Qwen3 X ModelScope Toolkit: Faster Training + Comprehensive Evaluation
Qwen3 has recently released new models, following the style of Qwen2.x, including two series: Dense models and MoE models. In the open-source versions, the Dense models largely maintain the previous model structure, with the difference being the addition of RMSNorm to the Q and K tensors. The MoE models have removed the common experts, while other structures remain essentially the same. In terms of model size, they range from 0.6B to 32B (Dense) and up to 235B (MoE). For inference capabilities, they have added options for "thinking" abilities, making the models more adaptable and versatile in different scenarios.
After the model release, developers who need to privatize open-source models or have vertical industry requirements typically need to conduct secondary training (fine-tuning, alignment, etc.), followed by evaluation and deployment. From a training perspective, common requirements are:
Having large amounts of unlabeled industry data requiring Continued Pre-Training (CPT). Base models are generally used for this.
Having large quantities of question-answer pairs requiring Supervised Fine-Tuning (SFT). Base or Instruct models are chosen based on data volume.
Needing models with unique response capabilities, requiring additional RLHF.

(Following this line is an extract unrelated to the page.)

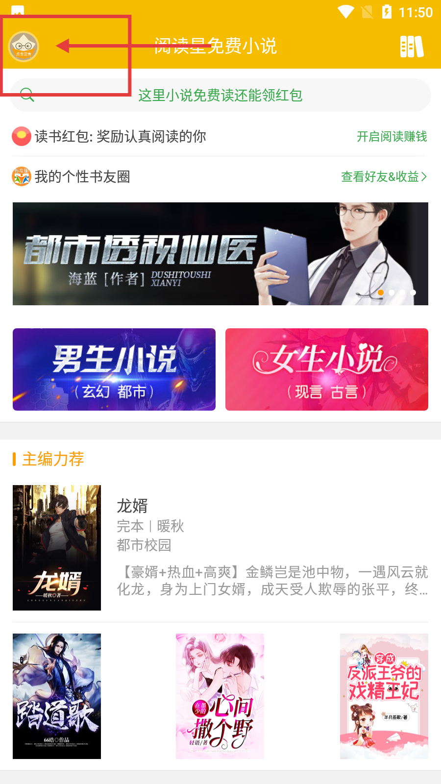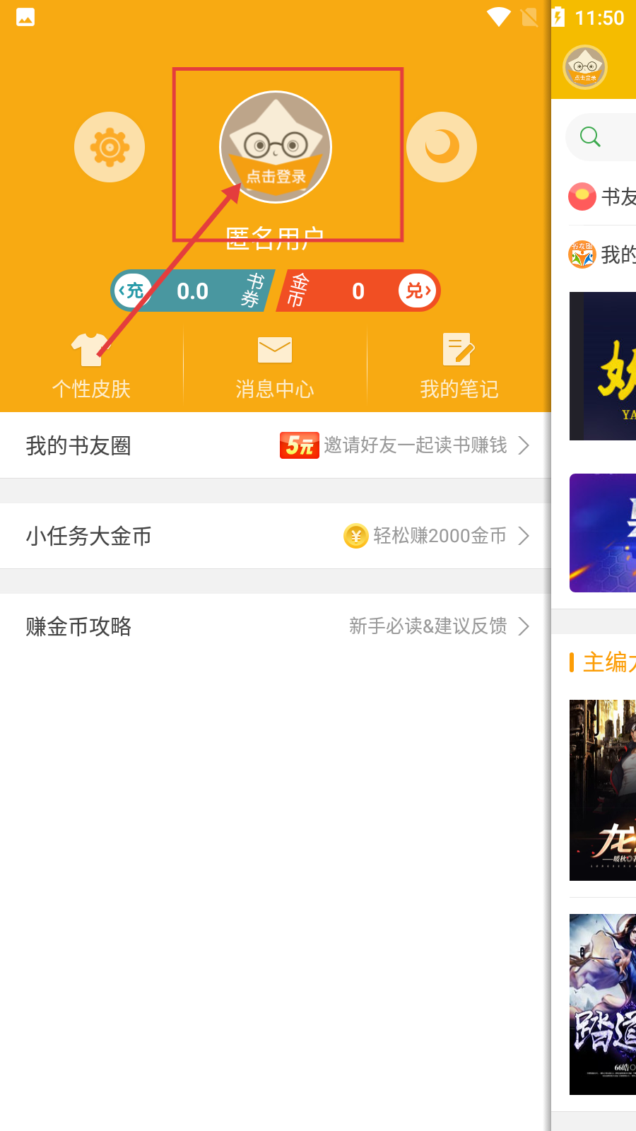 1、進入閱讀星免費小說界面后,點擊左上角【點擊登錄】頭像區(qū)域,可展開包含登錄等功能的側(cè)邊欄。

Needing to enhance specific domain reasoning capabilities (or chain-of-thought), typically using distillation, sampling fine-tuning, or GRPO.
In practical scenarios, multiple training methods are usually combined. For example, CPT is always followed by SFT, or RLVR (such as GRPO with verifiable rewards). Hardware requirements range from single-card to multi-machine setups, creating difficulties in training selection.
In the evaluation pipeline, a simple and easy-to-use evaluation method is also in high demand. Especially when dealing with multi-domain or even multi-modal combination scenarios, finding evaluation data and tracking evaluation progress remains a major challenge.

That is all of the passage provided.